Threat Models, Limitations, and Adoption Path
The authors forcibly enumerate the attack vectors covered and not covered by their framework. Unprotected classes include attacks leveraging subverted kernels, device firmware, or compromised attestation servers. The latter is addressed through operational controls and federated governance, a model borrowed from critical open infrastructure (e.g., software signing ecosystems).
Operational limitations are transparently acknowledged: the protocol does not itself verify experimental design quality—it only asserts that results originated from real, author-unalterable computation. It also requires author compliance, necessitating institutional buy-in. Full deployment at conference scale requires robust infrastructure for attestation, rate limiting, session storage, and auditing.
For adoption, a phased model is proposed:
- Phase 1: Voluntary, with attested reports receiving visible recognition.
- Phase 2: Expected, with automated checks and reviewer integration.
- Phase 3: Mandatory, making nonrepudiable attestations a precondition for empirical publication.
This sequence mirrors trajectories previously seen with artifact evaluation and code sharing guidelines, anticipating a multi-year adoption period.

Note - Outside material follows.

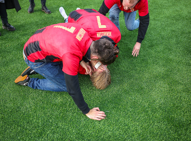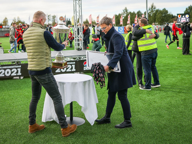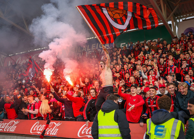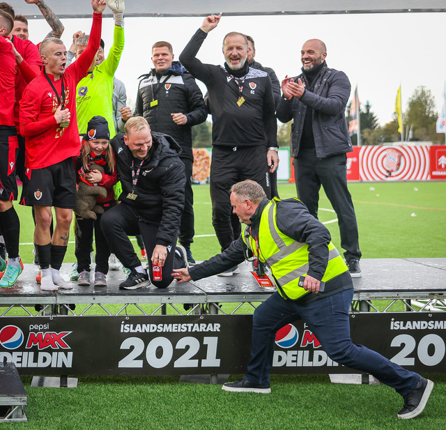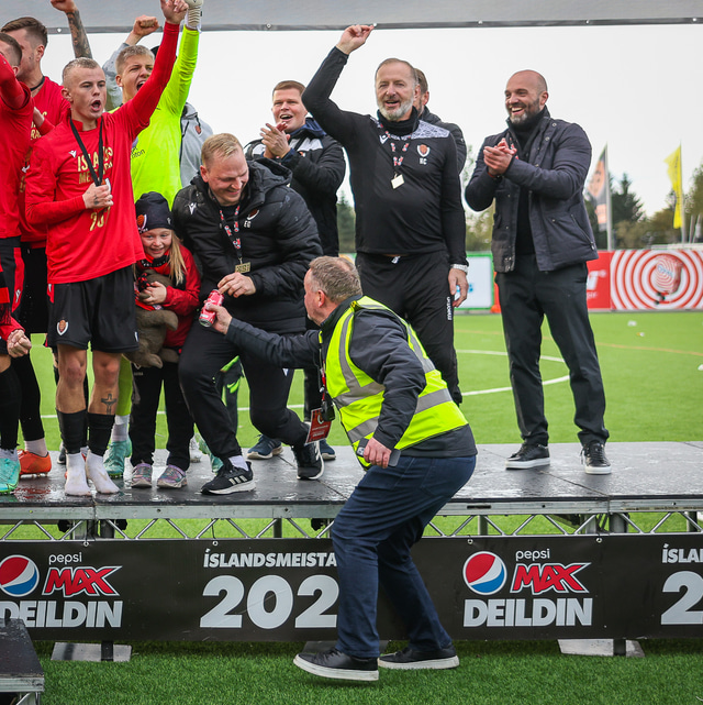 Það var stemmnings og stuð í stúkunni í Víkinni í gærkvöldi þegar Víkingar tryggðu sér Íslandsmeistaratitilinn eftir sigur á Leikni. Hér að neðan er myndaveisla úr leiknum, en þó aðallega úr stúkunni, og svo verðlaunaafhendingunni eftir leik.

Implications and Future Directions
If adopted at scale, the proposal would enforce a fundamental shift in the evidentiary standard for empirical claims in computer science and ML. Papers would no longer be judged simply on the plausibility and clarity of results, but also on formally verifiable evidence that the results were actually generated by the claimed code and configuration.
Practical implications include:
- Deterrence of Casual Fabrication: Raising the technical bar for fraudulent results from mere document editing to the necessity of executing real computation, absent ability to compromise attestation systems.
- Enhanced Credibility and Accountability: Honest researchers obtain stronger evidentiary support; bad actors face greater barriers to misconduct.
- Generalization Across Fields: While instantiated with ML, the proposal is universalizable to any empirical science reliant on computational pipelines (e.g., systems benchmarking, computational science, agent evaluation).
- Governance Considerations: Attestation infrastructure must avoid centralization risks through independent, federated operation, with transparent protocols and public auditing.
Theoretically, this work paves the way for future integration of hardware-backed attestation (e.g., TEEs) to address the small class of privileged adversaries. In combination with pre-registration and artifact evaluation, nonrepudiation protocols offer a blueprint for a robust, multimodal evidence chain for empirical scientific claims.
Conclusion
The authors make a clear, forceful case that the computer science community must move beyond voluntary and self-reported reproducibility compliance, toward cryptographically underpinned nonrepudiation of experimental results. By precisely defining required properties, constructing explicit threat models, and providing a viable testbed implementation, they lay a practical and conceptual foundation for a future in which empirical papers are inseparable from auditable, nonrepudiable claims. While not a panacea, nonrepudiation represents an essential building block for restoring and maintaining trust in the scientific record, with direct implications across all computational sciences.